→ ASSIGNED TASK:
In the data below, set down exactly the lines from the one containing "井村屋の冷凍和菓子(4コ入シ" up to and including the one containing "Bài I. Một trường". Leave the pictures out.

→ PROVIDED ENTRIES:
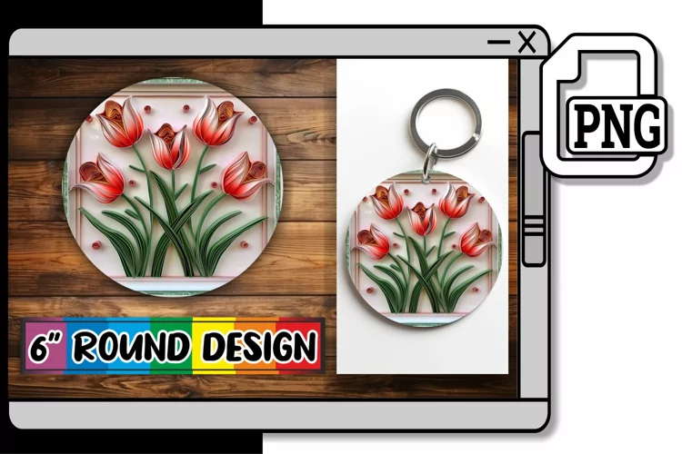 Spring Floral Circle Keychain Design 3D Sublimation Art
* * *
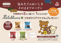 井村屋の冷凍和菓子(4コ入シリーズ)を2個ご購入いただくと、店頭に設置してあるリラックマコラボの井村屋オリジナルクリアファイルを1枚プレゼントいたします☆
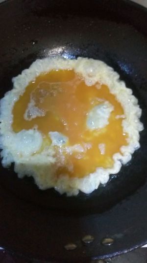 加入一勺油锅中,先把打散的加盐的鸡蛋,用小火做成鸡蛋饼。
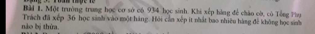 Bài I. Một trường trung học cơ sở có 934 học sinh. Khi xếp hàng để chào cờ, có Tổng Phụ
--
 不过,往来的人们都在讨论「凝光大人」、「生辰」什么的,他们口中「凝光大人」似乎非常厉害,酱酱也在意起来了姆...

→ ANSWER TO THIS PROBLEM:
 井村屋の冷凍和菓子(4コ入シリーズ)を2個ご購入いただくと、店頭に設置してあるリラックマコラボの井村屋オリジナルクリアファイルを1枚プレゼントいたします☆
 加入一勺油锅中,先把打散的加盐的鸡蛋,用小火做成鸡蛋饼。
 Bài I. Một trường trung học cơ sở có 934 học sinh. Khi xếp hàng để chào cờ, có Tổng Phụ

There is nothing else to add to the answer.